Tracing the reasons further, Jing said it may be partly explained by the fact that Henan has long been one of the biggest sources of internal migrants.
"As a big agricultural province, the number of migrant workers from Henan is very large. Sometimes the low quality of the basic-level farmers might be exaggerated," Jing said.
Many articles that try to explain why Henan has been such a source of migrants in history cite natural hazards, particularly droughts, plagues of locusts, and the often-flooding Yellow River, in addition to its relative backwardness as an inland agricultural province.
As statistics cited by a 163.com report show, from 1938 to 1946, more than 20 counties in Henan were flooded by the Yellow River and tens of thousands of people fled to other provinces. Since the reform and opening-up began in 1979, there have been huge amounts of economic migration from Henan.
"Henan attracts attention, on the one hand because it is not so underdeveloped or obscure, on the other, it is too populous not to attract attention from the outside," Zhang Xinbin, a historian at the Henan Academy of Social Sciences, told the Global Times, adding that it is also related to the province's backward industrial development.
"Poverty drove so many people out of the province. Particularly in modern times, Henan suffered from severe disasters and swallowed the bitterest misery," said Zhang.
From 2000 to 2010, the percentage of registered Henan residents living in other provinces rose from 5.4 percent to 7.5 percent, second only to Anhui Province. But unlike Anhui, whose migrant workers mainly flooded to Beijing and the Pearl River Delta, Henan people have migrated to every corner of the country.
In 2001, some people from Henan, including writers and celebrities, tried to fight against the demonization of Henan people, publishing books and making statements. In 2002, the book Who Have Henan People Provoked was published to speak for the 90 million people that call Henan home.

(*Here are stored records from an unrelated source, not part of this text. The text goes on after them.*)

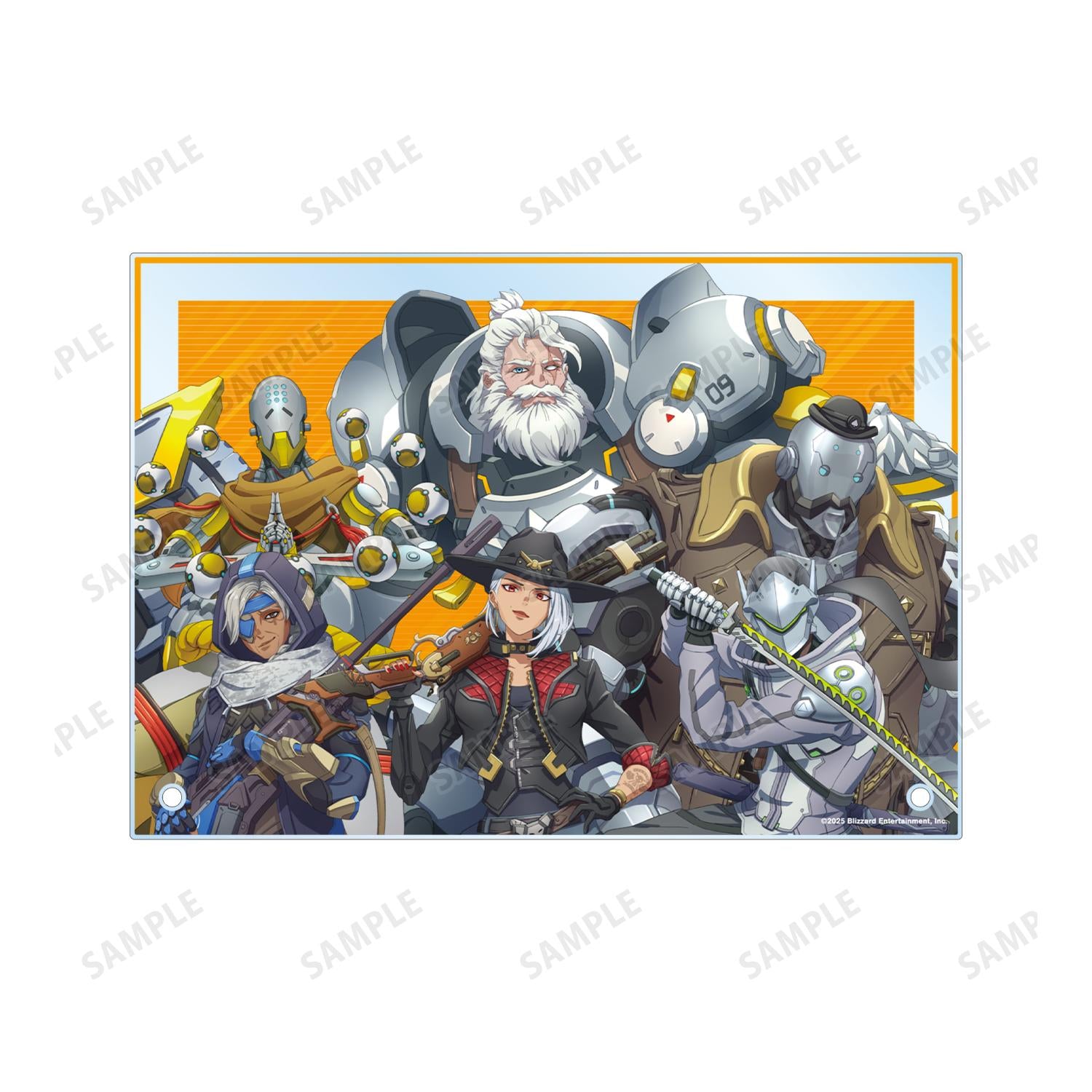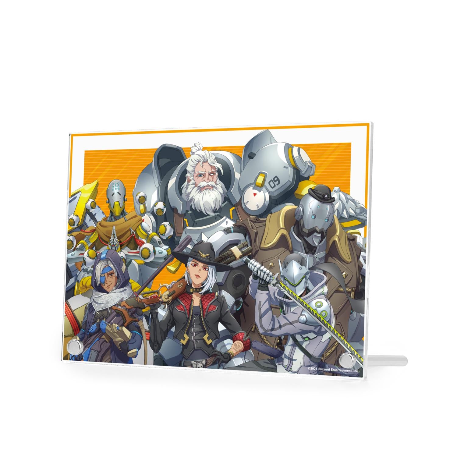 由 Melee 繪製的灰燼、B.O.B.、安娜、源氏、禪雅塔和萊因哈特的插圖已製作成 A5 大小的亞克力面板。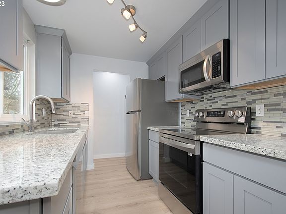 Newly remodeled, Inside and out new kitchen cab's, granite, undercount sink, all new stainless steel appliances, Newly remodeled Bathroom, vanity, granite and slate tile in shower, new lights and fixtures,new Milgard lifetime vinyl windows and slider, new lifetime vinyl flooring through-out siding and exterior. storage unit & patio in the back w/ slider perfect for BBQ. Dedicated parking space #125. Close proximity to Nike, hospital, Intel, shopping,transit microbrewiers & restaurants.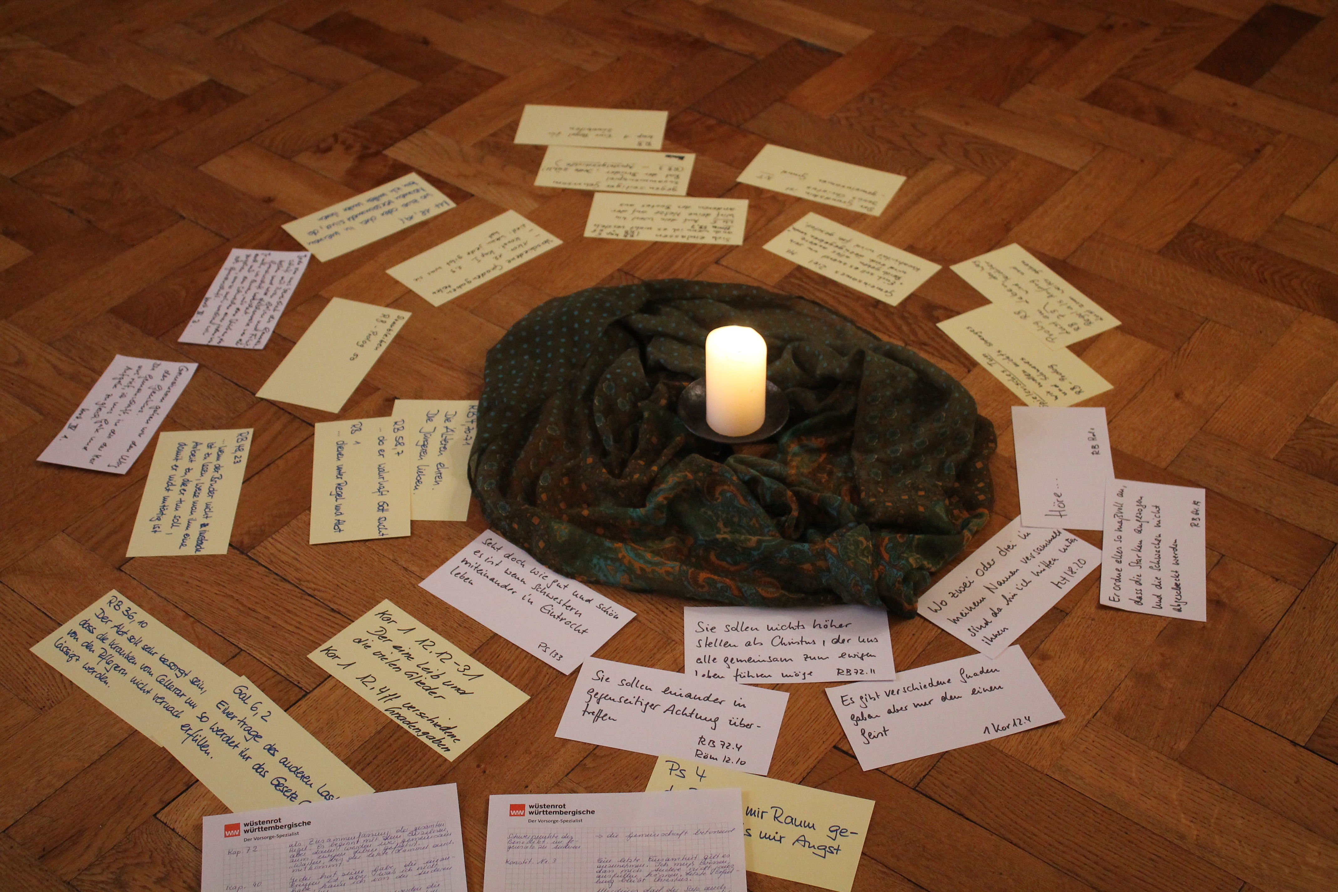 Nach einer ausgiebigen Pause nahmen wir uns am Nachmittag Zeit, näher die Text-Grundlagen zu Gemeinschaft in unseren Konstitutionen, der Regel Benedikts und der Heiligen Schrift anzuschauen. Wieder in Kleingruppen tauschen wir uns aus, wie sich Inhalte dieser Texte und die Erfahrungen aus dem Praktischen Teil am Vormittag konkretisieren ließen oder lassen.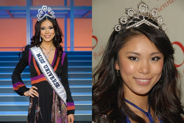Trước đó, Miss Universe 2007 Riyo Mori năm 2007 cũng thường xuyên sử dụng vương miện bản sao (phải) sau khi đăng quang. Tất cả hoa hậu đều được ban tổ chức trao món quà này như một phần thưởng để giữ lại sau khi kết thúc nhiệm kỳ.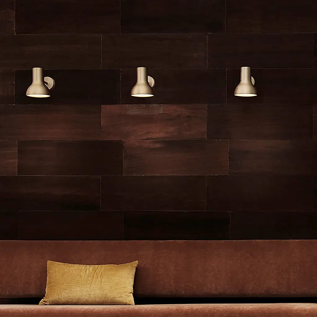 Shimmering metallic adds a rich fillip to this scaled-down version of Anglepoise's classic Type 75, designed for mounting on a wall or ceiling. Fitted with the signature metal shade that can be adjusted to cast either focused or reflected ambient light exactly where it is needed. In a trio of anodized brushed aluminium finishes—gold, silver or copper luster.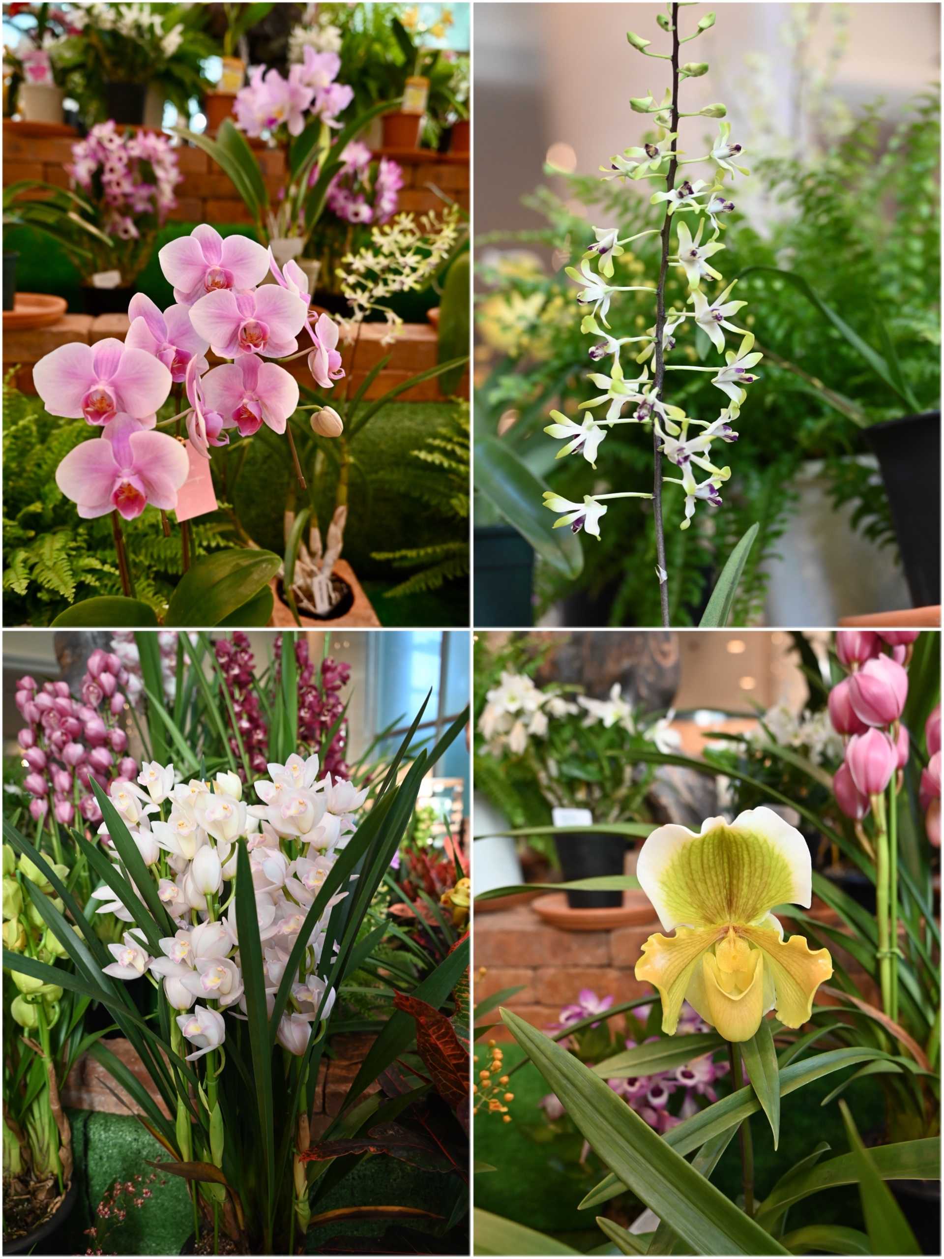 ✨️左上)コチョウラン・右上)デンドロビウム・左下)シンビジウム・右下)パフィオペディラム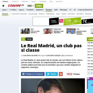 “皇马,一家没品的俱乐部”,《队报》的标题这样写道,文章还称,足球历史上最强大的俱乐部,却经常以一种不妥当的方式行事。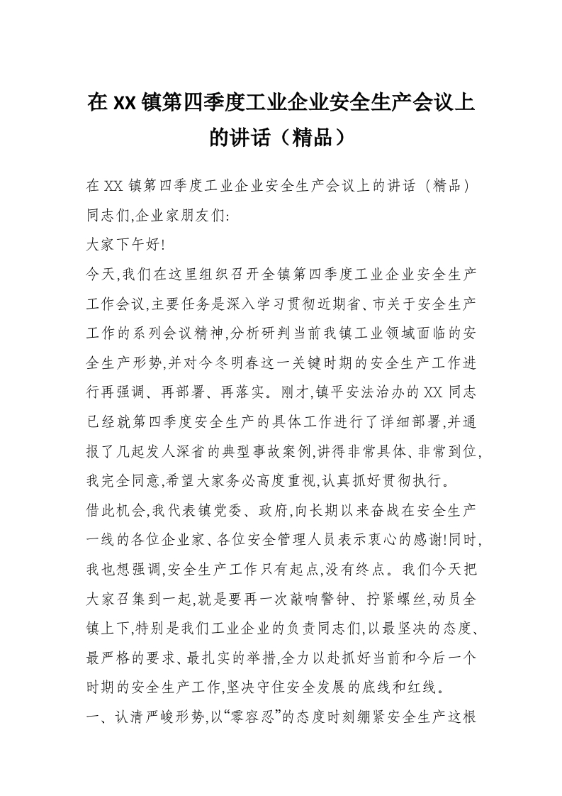 在XX镇第四季度工业企业安全生产会议上的讲话(精品)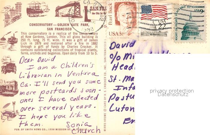 73130691 old postcard San Francisco California Conservatory Golden Gate Park postalisch gelaufen Erhaltung siehe scans [FriedD77] KatCode: 14140050000000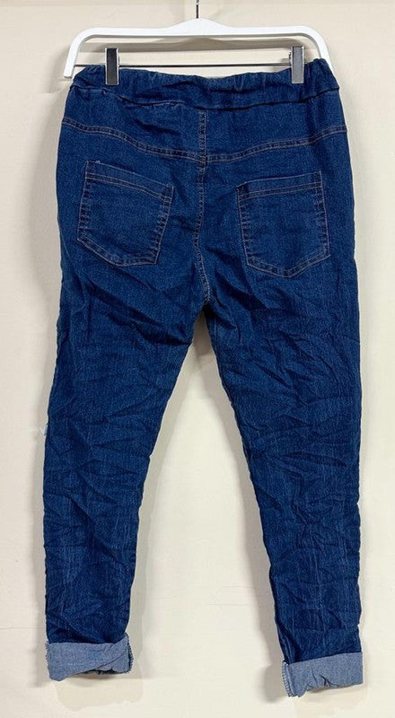 STAR SQUARE PATCHWORK CRINKLE DENIM JOGGERS

"People first of all defame and discriminate the migrant workers, merchants and farmers, and then smear the other 100 million Henan people," the book read.
As reported by The Democracy and Law Times, starting in 2000, rebuilding the image of Henan has been a top priority for the provincial government. In 2002, when Premier Li Keqiang was Party chief of Henan, an official said Li required them to make improvements and let the outside know the changes in Henan.
Li's successors have also made great efforts to improve Henan's reputation and a series of "image projects" have been launched to reverse the tide, including a video broadcast on New York's Times Square last year.
But it is hard to say how effective these efforts have been in restoring the province's image as discrimination against Henan people is still common.
Many media outlets have tried to solve the problem. Toutiao.com, an online news outlet, even made a video to explain why people are biased against Henan people in an attempt to eliminate such regional discrimination. Whatever the result of his case, Jing is happy to notice that his case is arousing attention and many people have shown him support, which he hopes could lead to more efforts in this regard.
"A businessman from Henan living in Guangzhou contacted me the other day, showing the initiative to found a fund and take this chance to unite Henan businessmen all over the country, who can help each other to seek legal help when similar abuse occurs again," Jing revealed to the Global Times.
Though noticing that legal means are one way to fight against regional discrimination, Zhang is not very optimistic about their eventual effect on eliminating bias. After all, the bias has existed for a long time and is too entrenched to disappear in the short term.
"It is common for people in society to look at others through blinkers. I believe that such prejudice will fade with time. The core and best way remains to develop itself [Henan] well," noted Zhang.